Task item
Your task is to transcribe the data in full.

(Stored items from a collection)
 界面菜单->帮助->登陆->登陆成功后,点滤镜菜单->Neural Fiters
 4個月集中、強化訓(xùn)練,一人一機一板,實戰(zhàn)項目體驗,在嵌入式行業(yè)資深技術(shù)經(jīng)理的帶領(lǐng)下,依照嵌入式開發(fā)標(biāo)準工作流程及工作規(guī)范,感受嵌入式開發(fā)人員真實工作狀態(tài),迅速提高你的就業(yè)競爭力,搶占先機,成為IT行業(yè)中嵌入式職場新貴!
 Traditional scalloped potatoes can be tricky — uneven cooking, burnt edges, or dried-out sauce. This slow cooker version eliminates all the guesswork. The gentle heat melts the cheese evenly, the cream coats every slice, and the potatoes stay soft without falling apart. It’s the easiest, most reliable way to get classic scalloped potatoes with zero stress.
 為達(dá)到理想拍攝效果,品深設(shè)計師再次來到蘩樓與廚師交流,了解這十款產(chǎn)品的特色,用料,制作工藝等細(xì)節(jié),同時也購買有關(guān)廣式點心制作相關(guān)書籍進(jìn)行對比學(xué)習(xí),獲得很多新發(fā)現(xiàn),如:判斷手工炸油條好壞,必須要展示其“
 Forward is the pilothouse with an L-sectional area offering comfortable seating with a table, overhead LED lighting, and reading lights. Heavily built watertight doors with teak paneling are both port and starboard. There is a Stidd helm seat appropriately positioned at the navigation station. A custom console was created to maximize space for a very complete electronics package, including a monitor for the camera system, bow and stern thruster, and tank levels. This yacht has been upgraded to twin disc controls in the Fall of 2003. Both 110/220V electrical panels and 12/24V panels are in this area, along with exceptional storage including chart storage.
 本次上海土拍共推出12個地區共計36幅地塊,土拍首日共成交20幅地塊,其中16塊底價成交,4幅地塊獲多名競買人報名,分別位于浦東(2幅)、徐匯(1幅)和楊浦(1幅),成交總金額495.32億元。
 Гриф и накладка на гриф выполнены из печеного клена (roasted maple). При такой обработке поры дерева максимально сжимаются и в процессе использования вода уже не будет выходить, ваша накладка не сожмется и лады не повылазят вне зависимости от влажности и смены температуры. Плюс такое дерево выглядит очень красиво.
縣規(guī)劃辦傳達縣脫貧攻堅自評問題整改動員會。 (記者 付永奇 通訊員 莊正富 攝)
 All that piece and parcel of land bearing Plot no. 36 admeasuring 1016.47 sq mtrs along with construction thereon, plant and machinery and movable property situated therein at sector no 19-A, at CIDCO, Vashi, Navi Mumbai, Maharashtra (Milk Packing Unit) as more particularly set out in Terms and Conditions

Task output
 界面菜单->帮助->登陆->登陆成功后,点滤镜菜单->Neural Fiters
 4個月集中、強化訓(xùn)練,一人一機一板,實戰(zhàn)項目體驗,在嵌入式行業(yè)資深技術(shù)經(jīng)理的帶領(lǐng)下,依照嵌入式開發(fā)標(biāo)準工作流程及工作規(guī)范,感受嵌入式開發(fā)人員真實工作狀態(tài),迅速提高你的就業(yè)競爭力,搶占先機,成為IT行業(yè)中嵌入式職場新貴!
 Traditional scalloped potatoes can be tricky — uneven cooking, burnt edges, or dried-out sauce. This slow cooker version eliminates all the guesswork. The gentle heat melts the cheese evenly, the cream coats every slice, and the potatoes stay soft without falling apart. It’s the easiest, most reliable way to get classic scalloped potatoes with zero stress.
 為達(dá)到理想拍攝效果,品深設(shè)計師再次來到蘩樓與廚師交流,了解這十款產(chǎn)品的特色,用料,制作工藝等細(xì)節(jié),同時也購買有關(guān)廣式點心制作相關(guān)書籍進(jìn)行對比學(xué)習(xí),獲得很多新發(fā)現(xiàn),如:判斷手工炸油條好壞,必須要展示其“
 Forward is the pilothouse with an L-sectional area offering comfortable seating with a table, overhead LED lighting, and reading lights. Heavily built watertight doors with teak paneling are both port and starboard. There is a Stidd helm seat appropriately positioned at the navigation station. A custom console was created to maximize space for a very complete electronics package, including a monitor for the camera system, bow and stern thruster, and tank levels. This yacht has been upgraded to twin disc controls in the Fall of 2003. Both 110/220V electrical panels and 12/24V panels are in this area, along with exceptional storage including chart storage.
 本次上海土拍共推出12個地區共計36幅地塊,土拍首日共成交20幅地塊,其中16塊底價成交,4幅地塊獲多名競買人報名,分別位于浦東(2幅)、徐匯(1幅)和楊浦(1幅),成交總金額495.32億元。
 Гриф и накладка на гриф выполнены из печеного клена (roasted maple). При такой обработке поры дерева максимально сжимаются и в процессе использования вода уже не будет выходить, ваша накладка не сожмется и лады не повылазят вне зависимости от влажности и смены температуры. Плюс такое дерево выглядит очень красиво.
縣規(guī)劃辦傳達縣脫貧攻堅自評問題整改動員會。 (記者 付永奇 通訊員 莊正富 攝)
 All that piece and parcel of land bearing Plot no. 36 admeasuring 1016.47 sq mtrs along with construction thereon, plant and machinery and movable property situated therein at sector no 19-A, at CIDCO, Vashi, Navi Mumbai, Maharashtra (Milk Packing Unit) as more particularly set out in Terms and Conditions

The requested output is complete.